FENN: That's a great question. One of the things that's frightening about smallpox is that it has long legs. By that, I mean that because it has a 12 day incubation period, during which you have no symptoms, this disease can really travel. So you go through a 12 day incubation period, and then you start feeling crummy. You develop a fever, a headache, a terrible backache. Sometimes you develop vomiting. After three or four days of that, you develop pustules inside your mouth and throat. At this point, you are now contagious. A couple of days later, the pustules erupt on the surface of your skin, in the classic smallpox rash. You are contagious throughout this period, until, if you live, the last scab falls off. So, the entire course of the disease runs about one month.

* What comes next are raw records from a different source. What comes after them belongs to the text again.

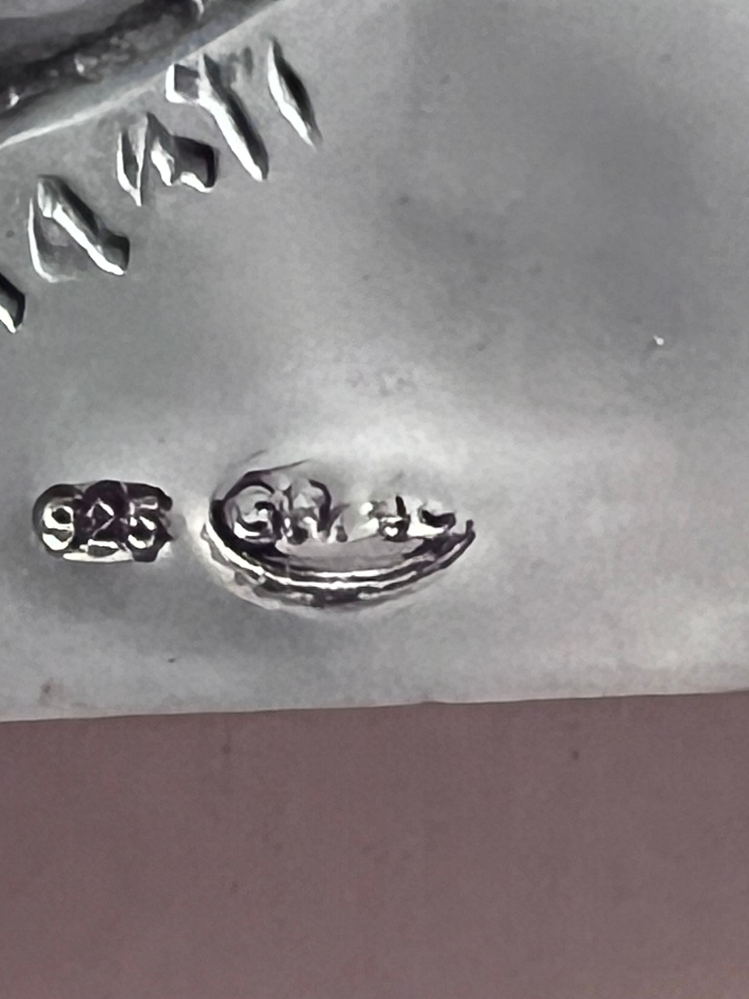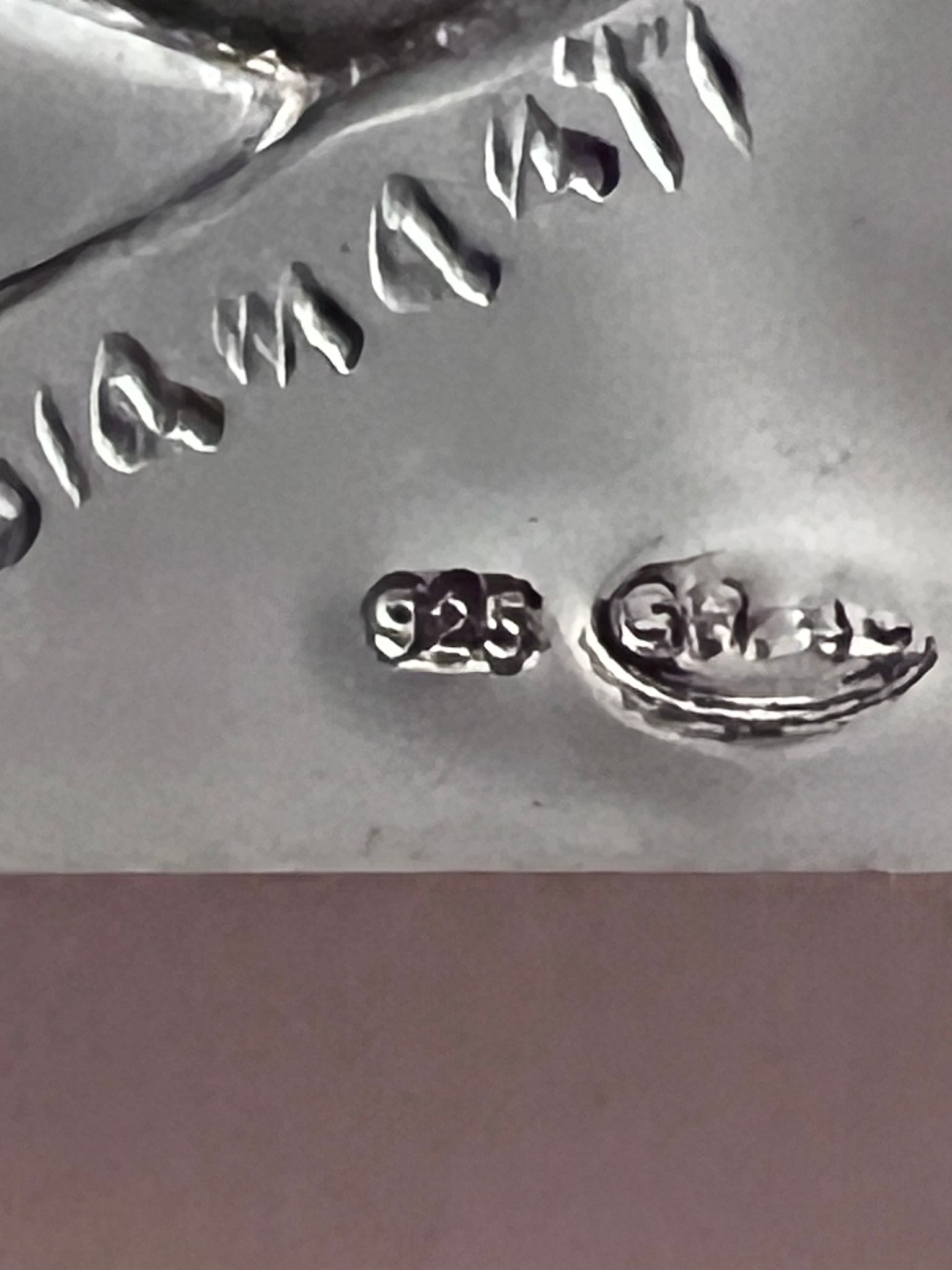 Questo raffinato pannello decorativo presenta un bassorilievo in argento Sterling 925, arricchito da delicate dorature che ne esaltano i dettagli e la profondità. L'opera raffigura una suggestiva scena di genere ambientata in un caffè, dove tre figure femminili sono intente in conversazione, con un'atmosfera che richiama le vie pittoresche e animate delle città europee. La composizione è ricca di particolari, dalle architetture circostanti con l'insegna 'CAFÉ' agli abiti e agli accessori delle donne, tutti resi con grande maestria e attenzione alla prospettiva e al chiaroscuro. La firma 'Diamanti' è incisa sull'argento, indicando l'autore dell'opera, mentre il punzone '925' ne attesta la purezza dell'argento. Accanto, il marchio 'GR. 48' identifica la manifattura o l'argentiere italiano iscritto nel registro di Grosseto. La cornice in legno, con il suo profilo dorato interno, completa l'opera, conferendole una presentazione elegante e pronta per essere esposta. Quest'oggetto è un esempio pregevole dell'artigianato argentiere italiano, combinando la ricchezza del metallo prezioso con una narrazione visiva coinvolgente.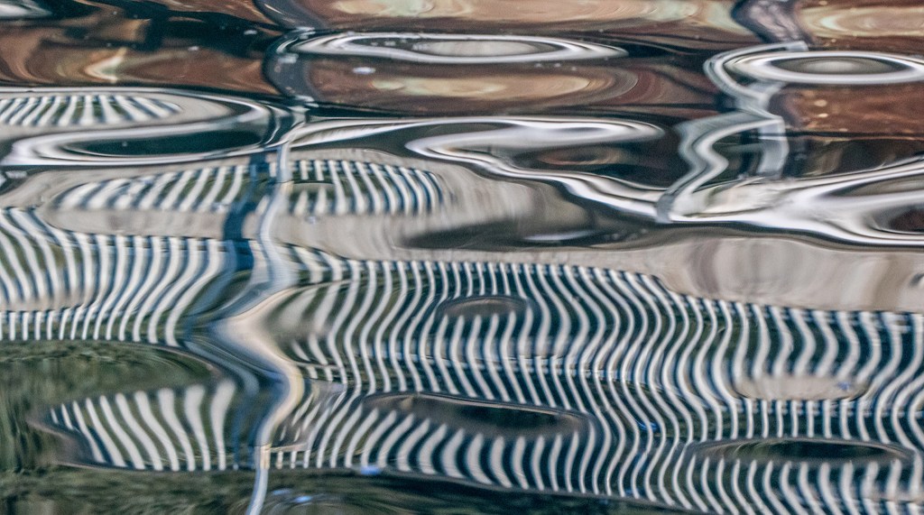 Reflection of pilings at the harbor. Photo by Ray Tsang.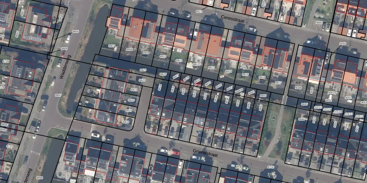 Gebruik de zoekbalk of klik op een perceel om informatie over het perceel te bekijken.
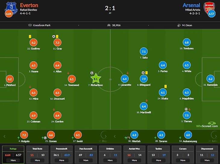 «Эвертон» по делу разобрался с «Арсеналом». Рафа сбавил градус давления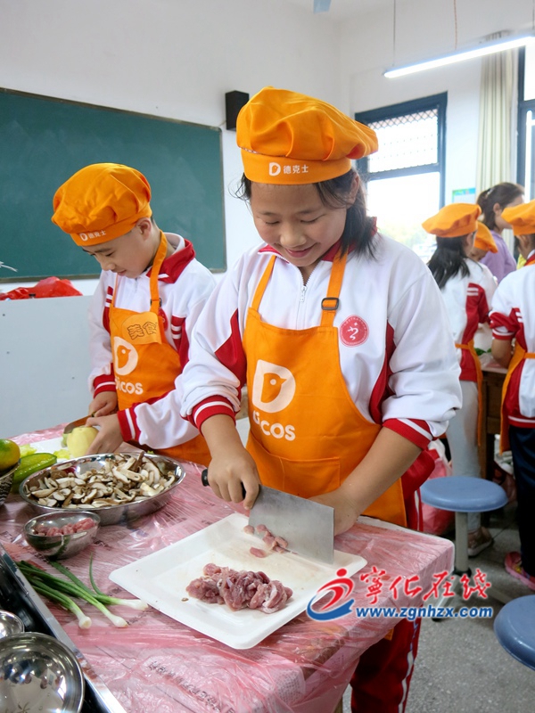 ? ? 10月10日,寧化縣實驗小學廚藝家長講壇活動啟動。55名五年級學生在家長們的指導下,親身體驗做菜的樂趣。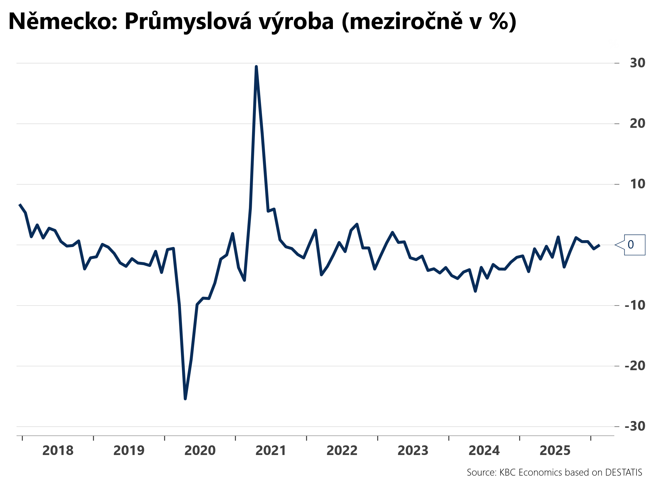 Průmyslová výroba v říjnu klesla meziročně na nulu oproti revidovaným 3,1 % v září. Trhy očekávaly pokles -0,7 % meziročně. -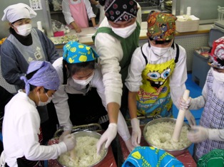25家族86名が参加して,家族で仲良くおにぎりをにぎりました。お米は,学校田で育てたコシヒカリを使いました。はざ干しした新米をガス釜で炊きあげたほくほくのご飯です。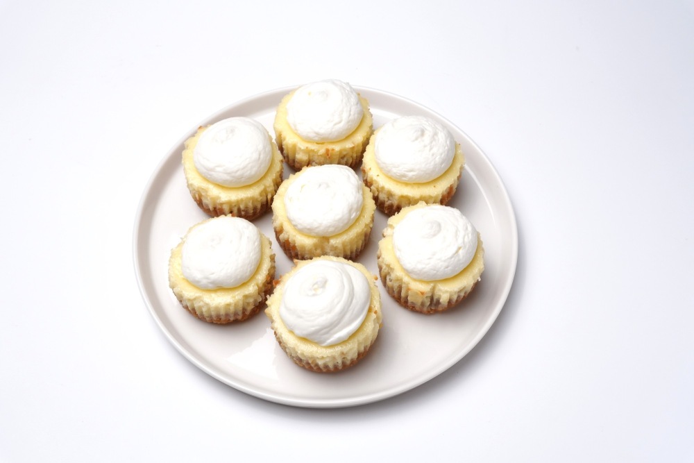 На охлажденные мини-чизкейки выложить шапочки из взбитых сливок.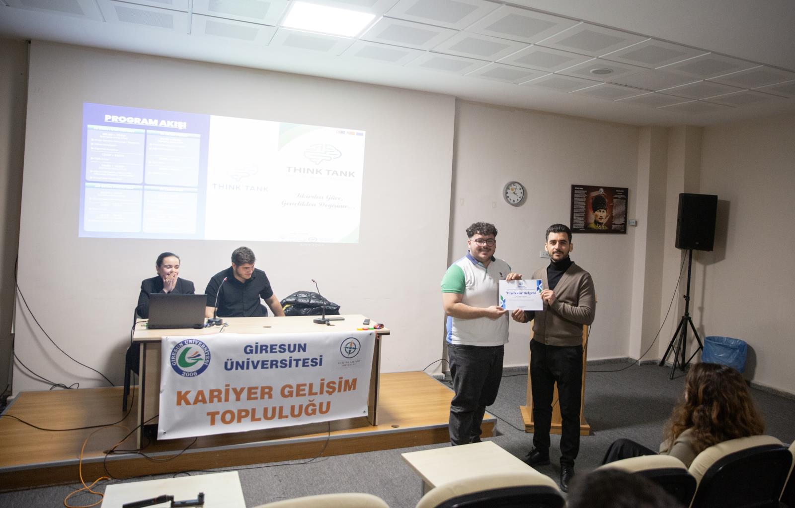Giresun Üniversitesi Kariyer Gelişim Topluluğu, öğrencilerin kariyer farkındalığını artırmaya ve girişimcilik ekosistemine yönelik bilinç kazandırmaya yönelik etkinliklerine önümüzdeki süreçte de devam edeceğini belirtti.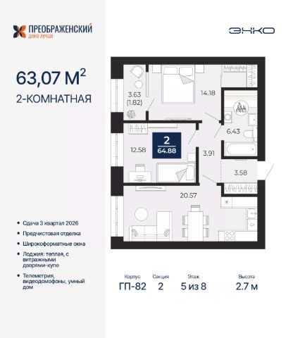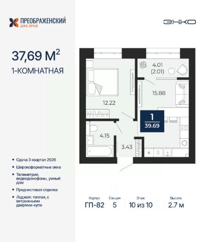 Торопитесь забронировать, пока действует скидка! Предложение ограничено! Стоимость квартиры указана со скидкой, ваша экономия составит 399,755 RUB. Информация по телефону, наши менеджеры вам все расскажут! 1-комн. квартира-студия от застройщика с предчистовой отделкой в ЖК "Преображенский" на 10 этаже. Общая площадь: 32.52 кв.м., площадь гостиной 19.95 кв.м., из которых 5 кв.м. выделено под кухонную зону. Все окна выходят на одну сторону. В квартире один совмещенный санузел. Высота потолков 2.7 м. Дом монолитный, многоподъездный, переменной этажности, от 8 до 12 этажей. Квартира находится в 5-й секции высотой 10 этажей в корпусе ГП-83. На этаже 7 квартир. В подъезде 1 пассажирский и 1 грузовой лифт. Начало строительства - 4 квартал 2023 года. Окончание строительства - 3 квартал 2026 года. Оформление сделки по договору долевого участия. Квартал будет расположен в микрорайоне Славянский на пересечении улиц Мира и 70-летия Октября. Престижный район, собственный парк, вся необходимая для жизни, учёбы и работы инфраструктура — новая школа с бассейном и кванториумом, новый детский сад, поликлиника, спорткомплекс, магазины и др. Чтобы в квартирах было как можно больше свободного пространства, мы предусмотрели индивидуальные кладовые на цокольном этаже. Оставляйте коляски и сезонный спортинвентарь после прогулок здесь — удобно для вас и чисто для квартиры. В подземный паркинг можно спуститься на лифте прямо с квартирной площадки. #Z35FC9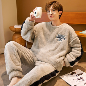 男士睡衣秋冬季长毛绒加绒加厚青少年家居服大码保暖套...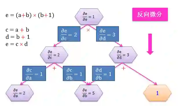 从 e 开始反向往下计算 e 对所有节点上的变量的导数,该操作叫做反向微分 (backward-mode differentiation)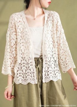 Этот воздушный кардиган, связанный крючком, словно кружевная паутина, окутывает плечи. Изящные узоры напоминают о танце ветра среди ветвей, а широкие рукава доб...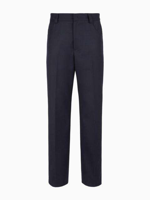 Trousers made of a heavy, compact virgin wool-blend gabardine with a typical diagonal twill weave. The texture drapes fluidly over the silhouette and creates a perfect fit. Product Code: EM000277TE112381U1113 Details Composition 55% Polyester 45% Virgin Wool Compact gabardine Waist with belt loops Zip, hook and button closure Side pockets Back patch pockets Fitting The model is 188 cm tall and is wearing size 48/M (Italian Size)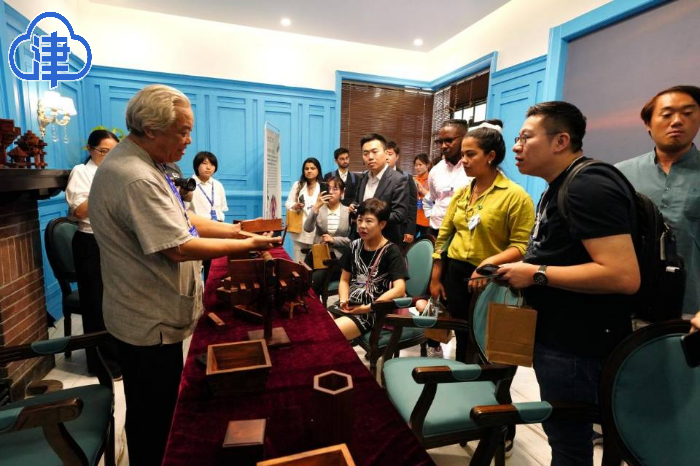 2025天津夏季达沃斯论坛举办期间,beat365英国官方网站师生携手多位非遗大师走进具有深厚历史底蕴的天津润园,开展了一场别开生面的非遗技艺展示活动,吸引了众多参加论坛的国内外嘉宾驻足体验。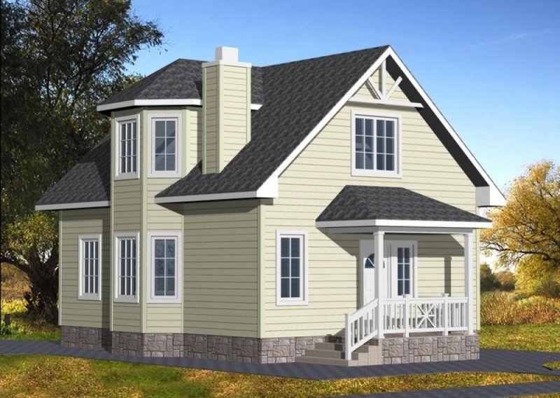 Проект "Портленд" - отличный двухэтажный дом для постоянного проживания каркасных с эркером. Площадь строения 68.2 кв.м. с размерами 7*11.

CHAT PARTICIPANT: Do you feel that if an outbreak of any size were to occur in today's society in the U.S. that we would be able to contain it?
FENN: I don't know, and that's my concern.
CNN: Do you have any closing comments for us today?
FENN: One of the things that's striking to me about the present day, is how sad it is that all the nations of the world were able to cooperate through the belligerency of the Cold War, to eradicate this disease in 1979, in the middle of the Cold War. And now, with the Cold War over, it appears that that monumental human effort could unravel. That's a very sad thing, a human tragedy of sorts.
CNN: Thank you for joining us today, Dr. Elizabeth Fenn.
FENN: Thank you very much. I've enjoyed it.